1) Create a C++ source file that will contain your plugin(s).

  Plugins source file needs to include the headers of the plugin interface(s)
  that the plugin(s) inherits from. Plugin interfaces header files are
  contained in, :code:`${HEXAGON_TOOLCHAIN}/Tools/include/ELD/PluginAPI`.

3) Create a C++ class that inherits from the appropriate plugin interface(s) for each plugin.

4) Override virtual functions.

  Virtual functions are the means the linker works with the plugins.
  Each plugin interface provides hooks at various place in the linker
  codebase, the hooks functionalities are implemented by overriding
  virtual functions. There are also other virtual functions that
  do not implement functionalities for the hooks, but are required to
  work with the plugin infrastructure. Example of these virtual functions are:
  :code:`Plugin::GetName`, :code:`Plugin::GetLastError`,
  :code:`Plugin::GetLastErrorAsString` etc.

5) Associate the plugins with unique names.

6) Build a shared library for the source file.

  In a unix environment, shared library for the plugins can be created as::

    # Compile the plugins source file
    clang++ -c -I${HEXAGON_TOOLCHAIN_ROOT}/Tools/include ${SOURCE_BASENAME}.cpp -fPIC -stdlib=libc++

    # Link the plugin library with linker wrapper library, LW.
    clang++ -shared ./${SOURCE_BASENAME}.o -L${HEXAGON_TOOLCHAIN_ROOT}/Tools/lib -lLW -stdlib=libc++ -o lib${SOURCE_BASENAME}.so

7) Define :code:`RegisterAll` function in C linkage.
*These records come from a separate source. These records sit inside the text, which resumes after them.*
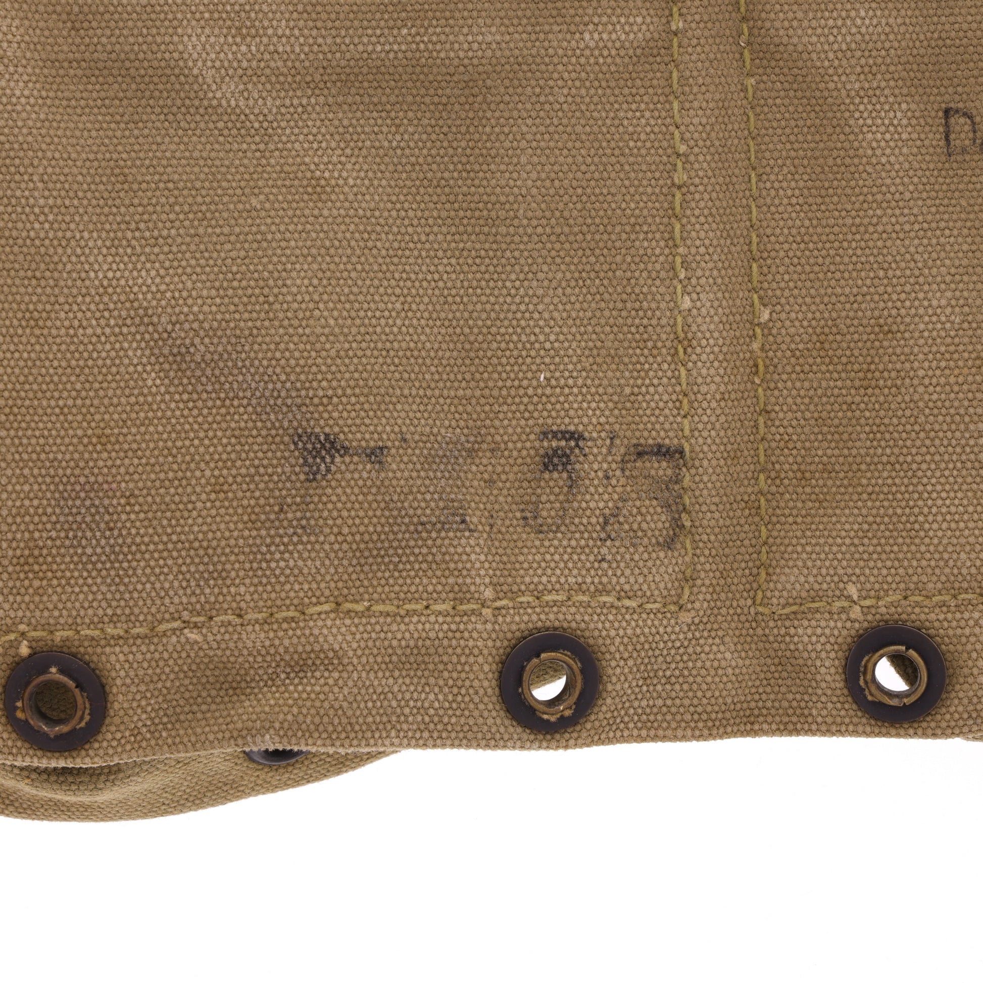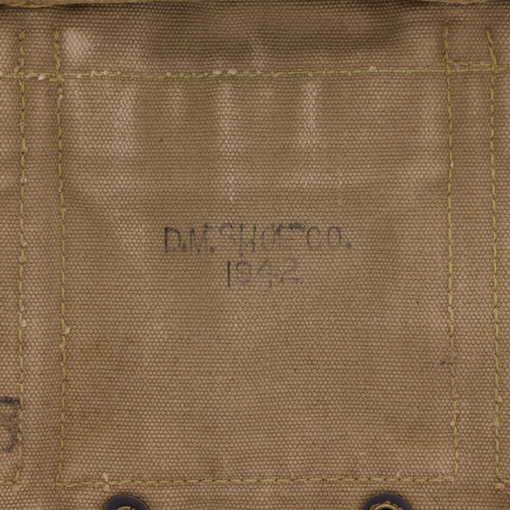 This is an original WWII U.S. Army M1937 ammunition belt for the 1918A2 Browning Automatic Rifle (BAR) magazines. It is a matching set, with both pouches being manufactured by D. M. Shoe Co. in 1942. The webbing exhibits the faint laundry number of its original owner.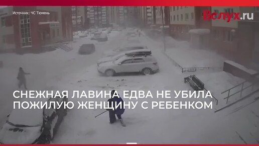 «Едва не завалило заживо»: в Тюмени снег с крыши рухнул у ног женщины с ребёнком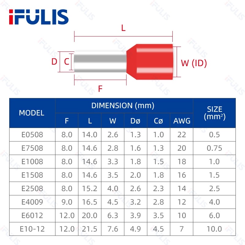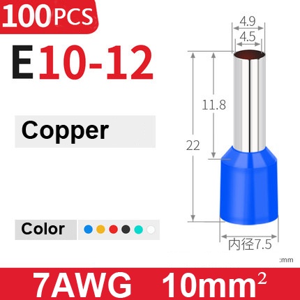 CNZG E6012 10-12 Electric Wire Connector Ferrule Terminal Cable End Insulated Assortment 100 Pcs/Bag
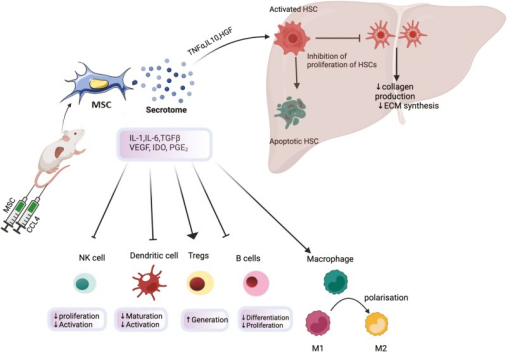 肝纤维化是慢性炎症性肝损伤的最后常见途径,由肝星状细胞(HSC)的激活介导,HSC是纤维化发生的关键效应因子间充质干细胞在其分泌组中释放各种可溶性因子,包括白细胞介素-1(IL-1)、白细胞介素-6(IL-6)、转化生长因子β(TGF-β)、血管内皮生长因子(VEGF)、吲哚胺2,3双加氧酶(IDO)、肝细胞生长因子(HGF)、肿瘤坏死因子α(TNFα)。这些介质通过抑制肝星状细胞(HSC)的增殖以及诱导HSC凋亡来调节肝纤维化。这导致胶原蛋白的合成减少和细胞外基质(ECM)的合成减少。间充质干细胞诱导的免疫细胞调节,包括自然杀伤细胞(NK)、调节性T细胞(Tregs)等,减少肝脏炎症细胞的膨胀,从而发挥抗炎作用。这种免疫调节还具有间接的抗纤维化作用。巨噬细胞从促炎(M1)到抗炎(M2)表型的极化也在此过程中起着关键作用。所有这些因子都抑制ΗSCs的增殖。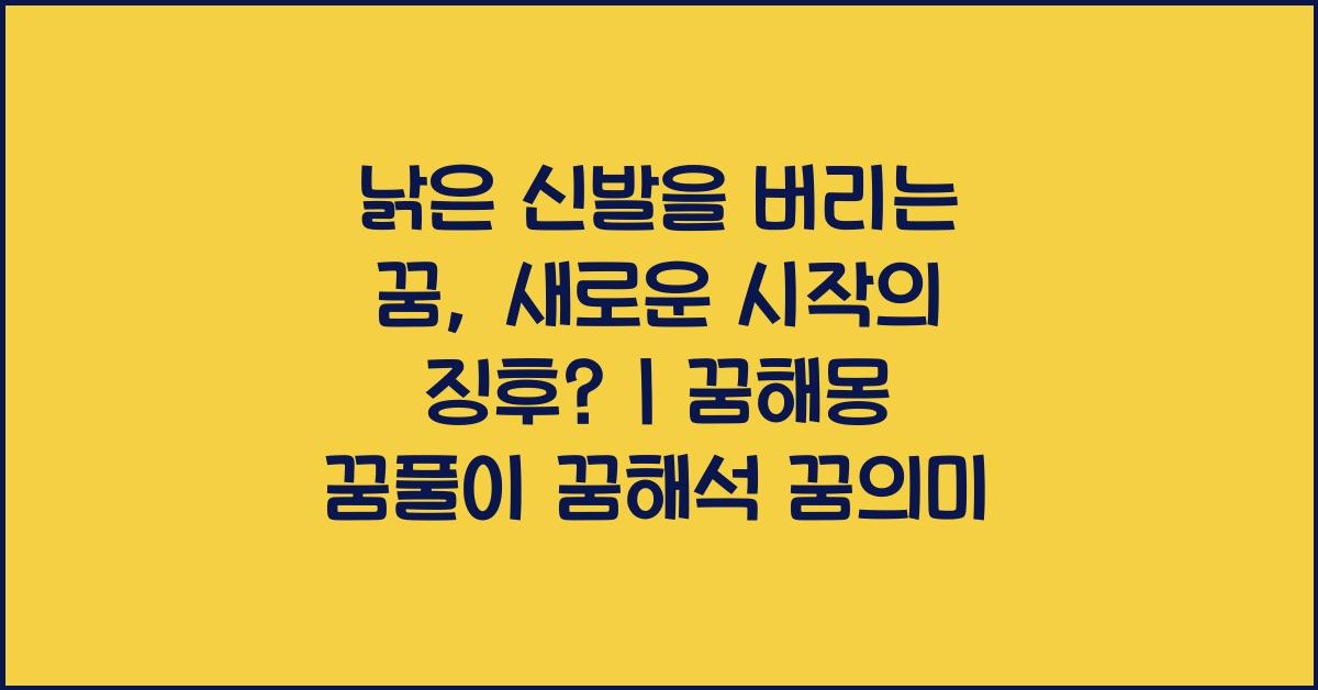 낡은 신발을 버리는 꿈, 진정한 의미는? 이러한 꿈은 단순히 물리적인 신발을 넘어서, 우리의 갈림길을 보여주는 상징적인 행위입니다. 과거를 떠나 새로운 시작을 다짐하는 꿈은 현재의 삶에서 긍정적인 변화를 가져오는 계기가 될 수 있습니다. 여러분의 꿈 속에 담긴 메시지를 잘 읽어내고 새로운 삶의 가능성을 발견할 기회를 가져보세요.
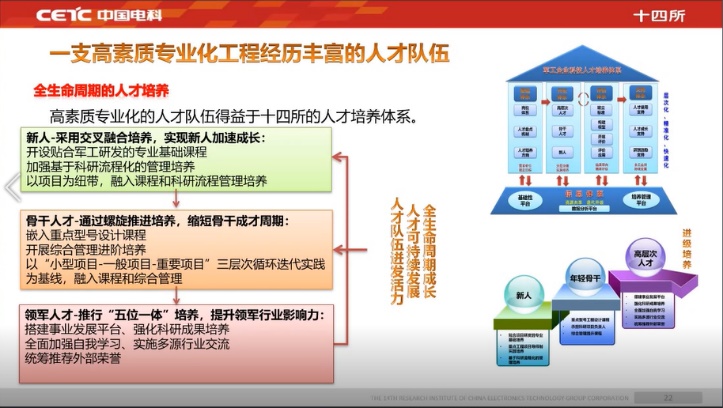 讲座第二部分陈强老师介绍了十四所人才培养体系。电科十四所建立了全生命周期的人才培养体系:新人采用交叉融合培养、骨干人才通过螺旋推进培养、领军人才推行“五位一体”培养。此外,十四所提供舒适的工作环境、优厚的福利待遇和工作保障以及丰富的业余活动。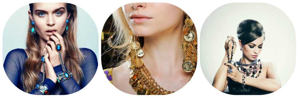 В-третьих, если вы покупаете сразу набор из нескольких украшений (например, серьги, колье и кольцо), то будьте осторожны – все сразу это можно надеть разве что по особому случаю, для повседневности это будет выглядеть слишком празднично и попросту неуместно.
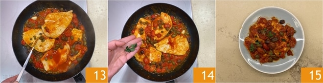 Mélangez bien 13 et poursuivez la cuisson encore quelques minutes. À ce stade, ajoutez les feuilles d'origan frais 14, juste une pincée de sel, de poivre et servez vos escalopes bien chaudes 15.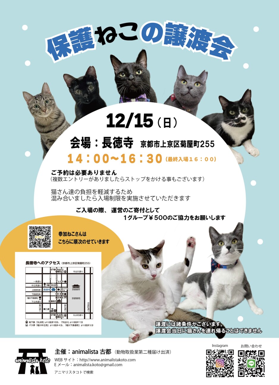 猫の譲渡会を開催しております今回は1〜2才の若い大人猫さんを中心に子猫も少しだけ参加します会場内が密になる事を避け猫さん達の負担を軽減するため人が多い時は...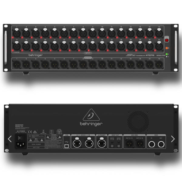 Behringer S32 — это стейджбокс для цифровых микшерных пультов и сценический коммутационный блок. Он оснащен 32 полностью программируемыми микрофонными MIDAS-предусилителями и 16 аналоговыми сервосбалансированными XLR-выходами. Прибор имеет двойной сетевой порт AES50 с ультранизкой задержкой для каскадного объединения, Ultranet-порт для системы персонального мониторинга Behringer P16, два АЕС3-порта для прямого подключения цифровых акустических систем и пару ADAT выходов. MIDI-вход/выход обеспечивает двухнаправленную связь. Устройство поддерживает удаленную работу по Cat5e-кабелю до 100м, имеет USB-разъем для обновления системы и импульсный источник питания для понижения шума и небольшого энергопотребления.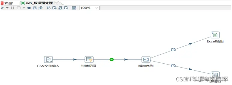 数据预处理的好坏直接影响着该系统数据的准确性,因此这一步也非常重要。在数据能用于该系统的前提下,通过这一方式为数据分析做准备,可以有效的提高分析结果的准确性,这是数据预处理的重要目的。数据预处理主要分为以下四类,数据清理的目的是对异常数据进行处理,例如处理对该系统无用或造成干扰的数据;数据集成的目的是通过拼接技术扩大数据集;数据变化的目的是对数据进行规范化处理以达到使用方便的效果;数据规约的目的是通过一些处理方法减少冗余信息,提高数据整体的可靠性。下图5.2是该系统利用kettle工具对爬取到的数据进行数据预处理的操作图。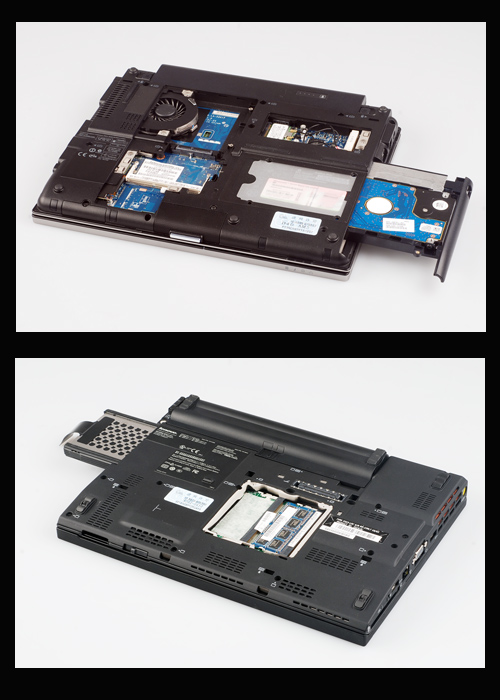 通过上面的全面对比想必小张对这两款商务笔记本有了更深程度的了解,但是两款机型在扩展,配置及性能方面的表现如何呢?下面将详细解析,首先来看扩展性两款机型在机身设计上面各具匠心,扩展升级方面惠普2540的所有关键部位均在底部,内存区域预留了一条内存插槽(另一条内置2G内存在键盘底部),硬盘采用插拔的设计非常方便用户升级。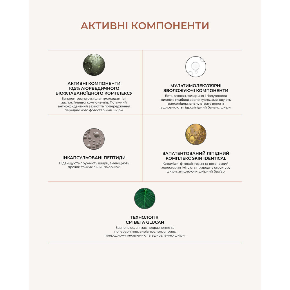 - Аюрведический биофлавоноидный комплекс 10,5% — нейтрализует вредное действие свободных радикалов, направлен на борьбу с признаками старения кожи, обострениями и неравномерным тоном.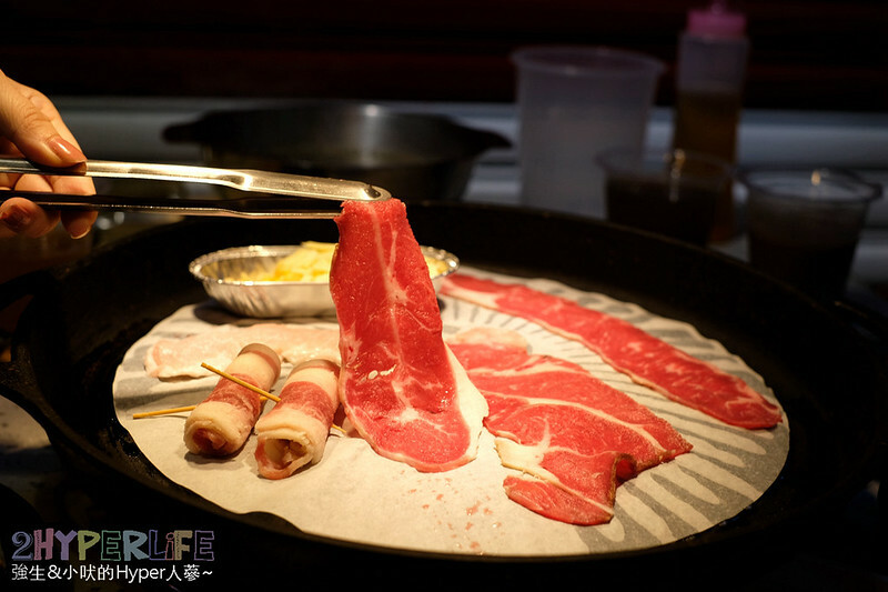 基本上桌面看到的肉品,我們就用迅雷不及掩耳的速度,直接架上烤爐內。咚豬咚豬的烤肉爐上面有鋪一張烤肉紙,油不僅瞬間吸起來,而且爐子還稍微傾斜,讓多餘的油脂可以順勢沿著鍋子滴出去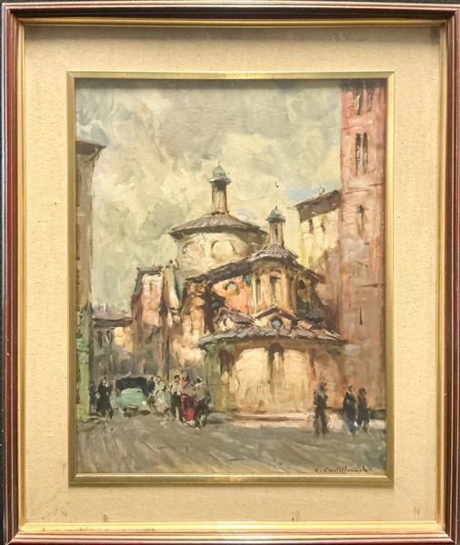 Lotto composto da tre dipinti ad olio e un acquerello di diversi autori, soggetti, misure e supporti (cm max 60x42)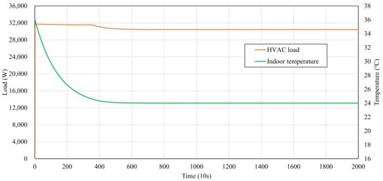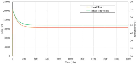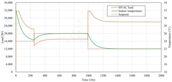 Figure 10. The setpoint is 24 °C at the beginning, the indoor temperature drops rapidly from 32 °C, while the load decreases after maintaining full power for a period of time. When the setpoint rises to 26 °C, the HVAC load drops rapidly because of the reduction of cooling demand and rebounds to 17.1 kW when indoor space reaches another thermal equilibrium. The HVAC load is 5.1 kW lower than 22.2 kW before regulating setpoint, which is about 16.0% of its rated load. When the setpoint drops to 22 °C, the HVAC load increases to maximum due to the surge of cooling demand. When the indoor thermal condition reaches equilibrium again, the HVAC load maintains 26.0 kW, which is about 28.3% of its rated load.

  :code:`RegisterAll` function goal is to register the plugins contained
  in the file. Registering a plugin here simply means to initialize
  a plugin object.

  Linker calls this function for each plugin library. This function should
  creates a plugin object for each plugin that the library contains.

8) Define a :code:`getPlugin(const char *pluginName)` function in C linkage.

  :code:`getPlugin(const char* plugin)` function goal is to return the
  requested plugin. Each plugin in the plugin source file should be uniquely
  identifiable by a name.

  Linker calls this function at the time of loading plugins to get a plugin
  object of plugin named :code:`pluginName`.

9) Make the plugin report its API version

  Linker verifies linker plugin compatibility. Linker will report an error
  and refuse to load a plugin if it determines that it is not compatible.

  Linker plugin compatibility is determined using Linker API version.
  Plugin API version consists of major and minor version numbers.
  A plugin is compatible with the linker if plugin's major API version is
  equal to the linker major API version and plugin's minor API version is
  equal or lower to the linker's minor API version. The major API version
  is incremented when a existing functionality in the API is changed in an
  incompatible way. Such changes are expected to be rare. The minor API version
  is incremented when new functionality is added to the Plugin API. Note that
  Plugin API versions are distinct from linker release version numbers. The
  current linker Plugin API version is reported by the :code:`--version`
  command line option.

  For the versioning mechanism to work, each plugin must report its API version
  by exporting the :code:`getPluginAPIVersion(unsigned int *Major, unsigned int *Minor)`
  function (with C linkage). For convenience, this function is defined in the
  header file :code:`PluginVersion.h` and including this file in one of the
  plugin's C++ source files will automatically make the plugin report its correct
  API version.

  Starting with version 19.0, each plugin must report its API version. Linker
  will refuse to load a plugin that does not report its version.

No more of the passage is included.